Idea of using docker Host IP 192.168.0.5 seems to be wise, but it gets DNAT to 172.20.0.5 and reply comes back, without reverting the NAT back to container in i.e. 172.17.0.10/24 and is dropped as has wrong source IP.

For me this is not a feature but a bug, as packet should go through network stack and following typical Linux/iptables get back the original destination IP (192.168.0.5) set as source.

Workaround could be a manual iptables rule, masking any traffic from any containers when going to the DNS IP (either docker host IP or internal docker container, but then forwarding rule would be required too).

What are your odds on it?

Thanks!

I assume you are aware that by default the to hosts /etc/resolve.conf is injected into the containers, and whatever dns servers are listed there are available within your containers?
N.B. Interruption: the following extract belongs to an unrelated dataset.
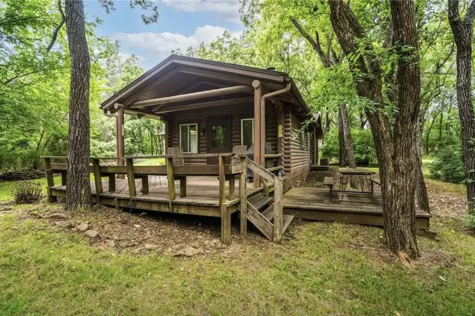 Situated on 10 scenic acres in Tonganoxie, Kansas, this charming log cabin is an idyllic… Inside This 3-Bedroom Log Cabin with Rustic Charm on 10 Acres

Though, you can influence the dns setting from the cli ( --dns=192.168.0.5) or in a docker-compose.yml ( dns: 192.168.0.5).

Yup, that I’ve tried, same as other workarounds.
Problem is how networking is handled for containers reaching out to docker host IP.
Don’t have real tcpdump at hand but it was more or less like.

172.17.0.10 -> 192.168.0.5:53 # this is client container in different subnet reaching out to docker host IP with DNS query
172.17.0.5 -> 172.20.0.5:53 # same packet after DNAT as per the fact that :53 from 172.20.0.5 is exposed on host 192.168.0.5:53
172.20.0.5:53 -> 172.17.0.10 # reply with DNS response - note it uses original src IP as DST and it’s own IP (ok)
172.20.0.5:53 -> 172.17.0.10 # this is after it passed docker host iptables. It went thorough as Connection Established/related from iptables point of view, but somehow skipped the NAT table.

This packet is being dropped by nslookup library on querying host as response comes from unexpected IP.

Workaround I’ve found is to set the DNS on docker host to 127.0.0.1 and then different set of iptables rules is being applied at host level.
Same behavior should be implemented for host IP related traffic or to be able to control it somehow.